Bank of frequently asked questions and errors

Last updated on 2025-07-01 | Edit this page

Estimated time: 88 minutes

Overview

Questions

  • Do you have some difficulties with R code?

Objectives

  • In this document you will find some of the frequently asked questions and errors in R code execution.

Question Bank


Is RTools necessary?

There are several common problems in R that may require the installation of Rtools.

  1. Installing packages that require compilation: Some R packages need to be compiled from source code, which requires compilation tools that Rtools provides.

  2. C, C++ or Fortran dependencies: If you want to install packages that depend on code written in C, C++ or Fortran, you will need Rtools to compile these components.

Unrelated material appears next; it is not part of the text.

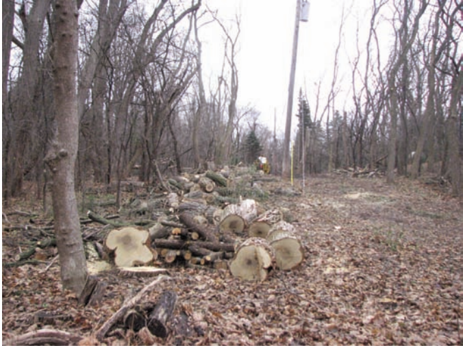
DTE cleared swaths through stands of mature trees, angering many residents.

on the home page and click on the heading "DTE Responds to Tree Removal Complaint."

  3. Compilation errors: If you encounter errors during the installation of packages that mention compilation problems, Rtools can resolve these problems by providing the necessary tools.

  4. Custom package development: If you are developing your own R package and need to compile source code, Rtools is essential for this process.

How to install RTools?

Before you start please check that you have administrator permissions on the computer or laptop.

Installing Rtools

The installation of Rtools depends on the operating system you are using.

Windows

  1. Check which version of R you have:

In the R console type and run this command:

R

sessionInfo()

OUTPUT

R version 4.5.1 (2025-06-13)
Platform: x86_64-pc-linux-gnu
Running under: Ubuntu 22.04.5 LTS

Matrix products: default
BLAS:   /usr/lib/x86_64-linux-gnu/blas/libblas.so.3.10.0
LAPACK: /usr/lib/x86_64-linux-gnu/lapack/liblapack.so.3.10.0  LAPACK version 3.10.0

locale:
 [1] LC_CTYPE=C.UTF-8       LC_NUMERIC=C           LC_TIME=C.UTF-8
 [4] LC_COLLATE=C.UTF-8     LC_MONETARY=C.UTF-8    LC_MESSAGES=C.UTF-8
 [7] LC_PAPER=C.UTF-8       LC_NAME=C              LC_ADDRESS=C
[10] LC_TELEPHONE=C         LC_MEASUREMENT=C.UTF-8 LC_IDENTIFICATION=C

time zone: UTC
tzcode source: system (glibc)

attached base packages:
[1] stats     graphics  grDevices utils     datasets  methods   base

loaded via a namespace (and not attached):
[1] compiler_4.5.1 tools_4.5.1    yaml_2.3.10    knitr_1.49     xfun_0.51
[6] renv_1.1.4     evaluate_1.0.3

You will get information similar to this. In this case the version is 4.5

  1. Visit the RTools page on CRAN in the browser of your choice: https://cran.r-project.org/bin/windows/Rtools/and select the version of Rtools that matches the current version of R you have on your machine and your computer architecture. Or click on one of the following links to download the installer:

\

For versions of R… Install:
From 4.5.0 RTools 4.5
From 4.4.0 RTools 4.4
Since 4.3.0 RTools 4.3
Starting with 4.2. RTools 4.2
Between 4.0.0 to 4.1.3 RTools 4.0
Prior to 4.0.0 older versions of RTools
  1. On the download page, look for the phrase: “may be installed from the”and click on Rtools44 installer or in the version you have selected above RtoolsXX installer.
  1. Wait for the download to finish and run the file.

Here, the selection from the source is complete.